Kazakhstan repression

Members of the Socialist Party staged a protest outside the Kazakhstan embassy in central London on Friday 6 May in support of trade union and socialist activists who are suffering repeated attacks and harassment by the Nazarbayev regime. In particular, the London picket demanded justice for Ainur Kurmanov, a leading member of Socialist Resistance who was beaten by police at the recent official May Day parade. Ainur, who has served many weeks in prison on trumped up charges, is again facing spurious charges by the Kazakhstan authorities as is fellow activist Dmitry Tikhonov.

A letter of protest was handed in to embassy officials, who claimed to know nothing about Ainur and the treatment of other political oppositionists. They also tried to portray the ruling clique in Kazakhstan as an ‘enlightened democracy’ following Nazarbayev’s ‘Soviet-style’ 96% vote in April’s presidential election.

See www.socialistworld.net for background material

All pulling together

David Cameron’s ‘we’re all in it together’ slogan to justify savage spending cuts in jobs and services looks even more threadbare after the Sunday Times published its annual Rich List for 2011. The list showed that the richest 1,000 individuals in the UK had a combined wealth of £396 billion. In other words they could pay for chancellor George Osborne’s £81 billion of cuts nearly five times over.
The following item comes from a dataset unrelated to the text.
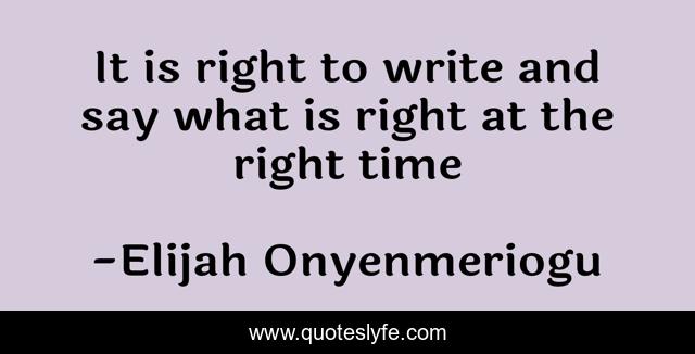 This page presents the quote "It is right to write and say what is right at the right time". Author of this quote is Elijah Onyenmeriogu. This quote is about wright, right,.
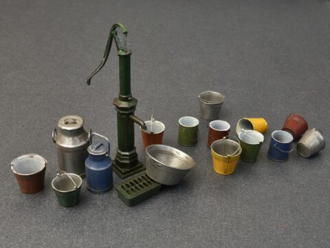 Kit contains 52 parts for assembling models of Buckets, Cans, Washbowl and Water Pump.

Moreover, the number of billionaires in the country has risen from 53 to 73, with nine people seeing their fortunes increase by more than £1 billion in the last year alone.

Car thieves

The directors of MG cars – the Phoenix Four – that went bust in 2005 with debts of £1.3 billion have voluntarily agreed to a three to six year ban as company directors. This is a trivial punishment after the asset strippers bought the company for £10 from BMW and then paid themselves £42 million in pay and pensions while 6,000 MG workers lost their livelihoods.

Cuts walkouts

Public sector workers in Portugal and Italy staged walkouts and demonstrations on 6 May in protest at their respective governments’ capitalist austerity measures.

Transport banks and public services were all affected by last Friday’s strike called by the CGIL union in Italy. The strikes in Portugal were in response to the caretaker government of Jose Socrates agreeing to deeper spending cuts following an EU bailout.

Unlawful killing

A coroner’s inquest jury recently ruled that bystander Ian Tomlinson had been “unlawfully killed” by a policeman while trying to walk home past a police cordon which had ‘kettled’ protesters at the G20 summit in London in April 2009.

Video footage of this assault had been widely shown. However, it transpires that other police had informed senior officers of the baton attack on Tomlinson some 48 hours later but that the City of London police did not report this to the coroner, the independent police complaints commission or Tomlinson’s family.